Better Approach for 1M+ Record Updates: Appian Write Records vs Stored Procedure

Certified Lead Developer

We have an external event that can impact up to 1M+ Case records. For each affected Case, we need to:

  • Update 3 fields in the Case table.
  • Create a corresponding Event History record.

We're evaluating the following approaches:

Option 1 – Appian Write Records

Approach A

  • Query Cases in batches of 5000
  • Use MNI to process each Case in a single Write Records node to update the Case and create the corresponding Event History record
  • Loop until all affected Cases are processed

Approach B

  • Query Cases in batches of 5000
  • Update all affected Cases for the batch in a Script Task
  • Construct the corresponding 5,000 Event History records
  • Use one Write Records node to bulk update the 5000 Case records
  • Use a second Write Records node to bulk insert the 5000 Event History records
  • Loop until all affected Cases are processed

Option 2 – Stored Procedure

  • Use a stored procedure to bulk update Case records and bulk insert Event History records
  • Persist affected Case IDs and Event History IDs in staging tables
  • Query the staged IDs and performs Sync Records in batches of 1000 (due to Sync Records Smart Service limits until all ids are processed)
  • Loop until all IDs are synced

Question

For workloads that can exceed 1 million records, which approach would you recommend and why?

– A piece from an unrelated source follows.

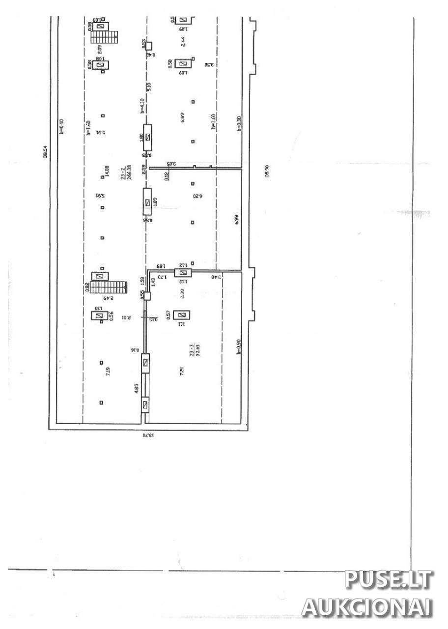 Parduodama 1664/10000 dalis, atitinkanti 53,09 kv. m iš 319,03 kv. m bendro ploto.

While Option 1 benefits from automatic record synchronization, it may place significant load on Appian process execution and engines at this scale. Option 2 shifts the bulk processing to the database but requires additional ID tracking and explicit record synchronization.

Has anyone implemented a similar solution at this volume? Would you recommend Option 1A, Option 1B, Option 2, or another approach altogether for the best balance of performance, scalability, and Appian platform load?


  Discussion posts and replies are publicly visible

Parents
  • Before ranking 1A/1B/2, the first question is whether this belongs in Appian at all.

    Is this even an Appian job? Appian isn't an ETL engine. If those 1M+ rows live in a database Appian doesn't exclusively own, the cheapest and safest bulk mutation is usually a native DB job or the customer's existing ETL tooling, and then you let Appian sync the result instead of performing the write. Keep Appian as orchestrator and record consumer, not bulk data processor. Worth confirming there isn't already a more cost-effective tool in the estate before pushing a seven-figure operation through process execution.

    Rule out 1A first, it's the dangerous one. It queries 5k per batch but then uses MNI to write one record at a time. Across the full job that's up to ~1M process instances, each holding its Case payload plus the paired Event History record as resident process state. You stack two failure modes: a large memory footprint and saturation of the execution engine queues not even easy to stop if any issue arises. At this volume 1A is the fastest way to take an environment down. Avoid it outright.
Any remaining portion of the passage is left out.